As the boat moved forward, they spotted more of the sky islands.
“The flying islands are for the cream of society, as you’d expect,” Farrah continued. “Big name adventurers, long-standing adventuring families and aristocrats, which are usually the same thing. Any family that becomes known for producing good adventurers usually finds itself inducted into the nobility. Any noble house without some good adventurers will find itself falling into obscurity sooner or later.”
“Where do the Magic Society and Adventure Society fit in?” Jason asked.
“The Magic Society has the second-largest sky island in Rimaros, right after the royal palace. The Storm King is a gold-ranker, which you have to be before they’ll let you take the throne. Most nations shield their royalty and bring them up with cores, but that disqualifies you from becoming monarch here. All the potential heirs from every branch of the royal family are adventurers trying to prove themselves.
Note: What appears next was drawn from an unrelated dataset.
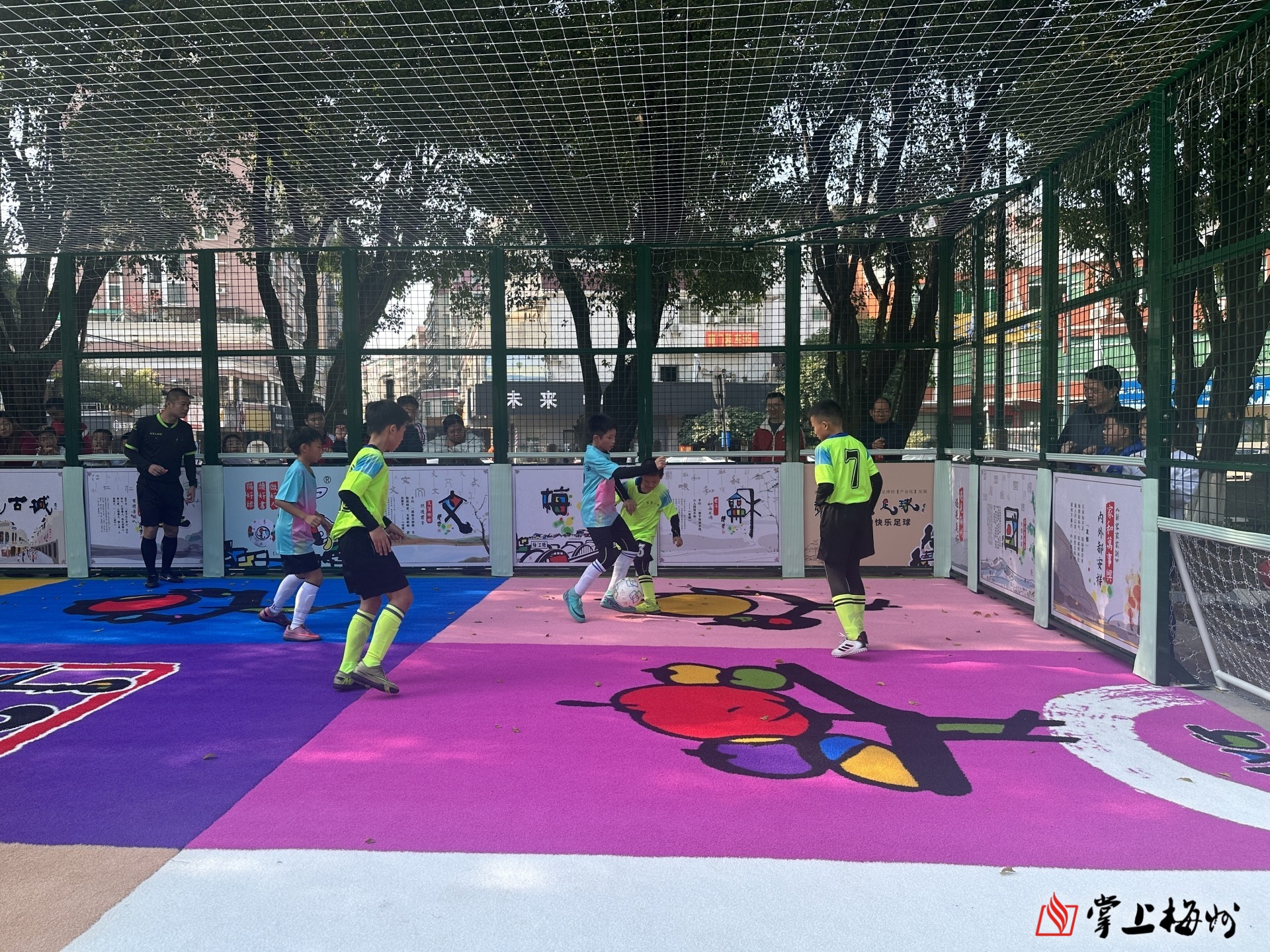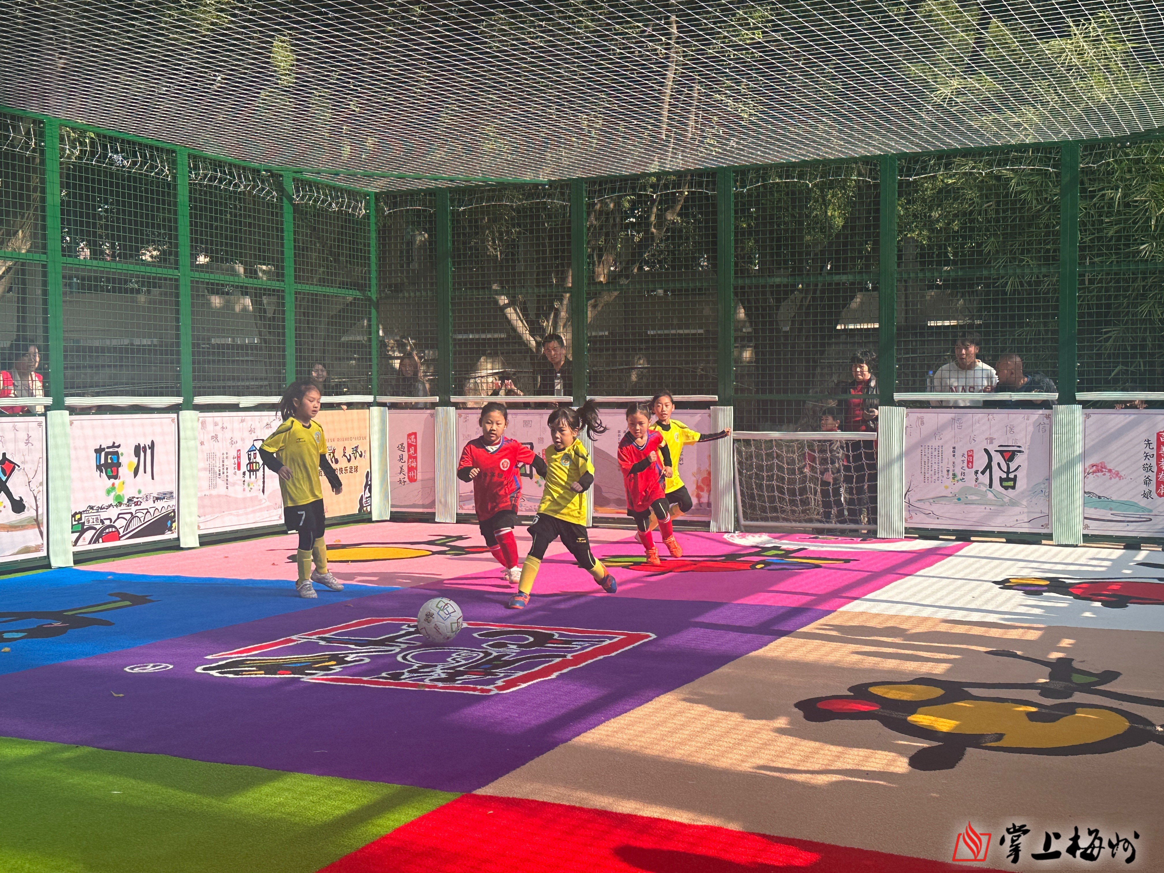 据了解,该场地由中国彩书创始人、广东省工艺美术大师何柏俊打造,他秉持“文化和创意反哺足球”的初心,以彩书国学为赋能核心,将国学经典、客家文化与足球运动深度融合,构建起“德育、美育、体育”三育并举的成长课堂,为青少年勾勒出“做好人、读好书、踢好球”的多维成长蓝图。“彩书微足球项目灵活多变,不仅适用于社区、景区、街区、商圈等多样化的日常微场景,还能充分利用城市中未得到充分开发的微型空间,甚至是那些不规则的三角地带,使其焕发新的活力。”何柏俊表示,希望通过此次赛事,以及在嘉应古城旁打造的四个足球场地,吸引更多人关注笼式足球,让孩子们在体验与竞技中收获快乐、提升球技、爱上足球。

Not just in monster fighting but statecraft, diplomacy, administration. It's a decades-long contest until the current monarch is satisfied, chooses an heir and steps down.”
“So, the Hurricane Princess is just one of many.”
“Yes, although the designated frontrunners are always the children of the current monarch. The Hurricane Princess is the title given to the firstborn daughter and the Storm Prince to the firstborn son. At least, the firstborn ones that are competing. Many royals bow out from the start, preferring to be adventurers or magical researchers or join a church.”
“They aren’t looked down on for that?”
“Not so long as whatever they do, they excel. There's no shortage of people vying for the crown, so any path that brings prestige to the royal house is acceptable."
“And whoever wins, the king just steps down?”
“Or the queen, yes. Voluntary surrender of the throne is a cornerstone of their society. Besides, there are rumours of some diamond-rank ancestor quietly watching over things from behind who would step in if any of his descendants got power-hungry.”
“Sure,” Jason said, “but I bet every decent-sized country in the world has pretty much the same rumour.”
“Just about,” Farrah said with a laugh.
“I think we can happily stay out of that mess,” Jason said. “I don’t anticipate bumping into Zara.”
“The Hurricane Princess.”
“Oh, it’s Zara, is it?”
“Come on, I met her twice.”
“Did you give her any baked goods?”
“What’s that got to do with anything?” Jason asked, avoiding Farrah’s gaze. Then he changed the subject.
“Hey, you didn’t talk about the Adventure Society,” Jason said.
“They've claimed what amount to dominion over one of the natural islands. They're a largely independent district within Rimaros where all the shops and services for the rich and powerful are concentrated. They also have the main entertainment quarter, most of the magical trade and the second-largest skyship port.”
“Skyships?” Jason said, perking up. “I just remembered; this thing can fly. I’ve just never had it somewhere with enough magical density before. I’ll have to shrink the size for the flying form, but still.”
Jason hung his head. “I guess I’ll wait until we’re leaving. A regular boat is less attention-grabbing than a flying cloud boat.”
“Yes, it is,” Farrah said. “You’ll have plenty of time to play with your boat later.”
Jason blinked and then broke out in a happy grin.
“I will, won’t I? No Network alternately trying to kidnap me or leech off me. No gold-rankers hunting me down. Just good, old-fashioned adventuring.”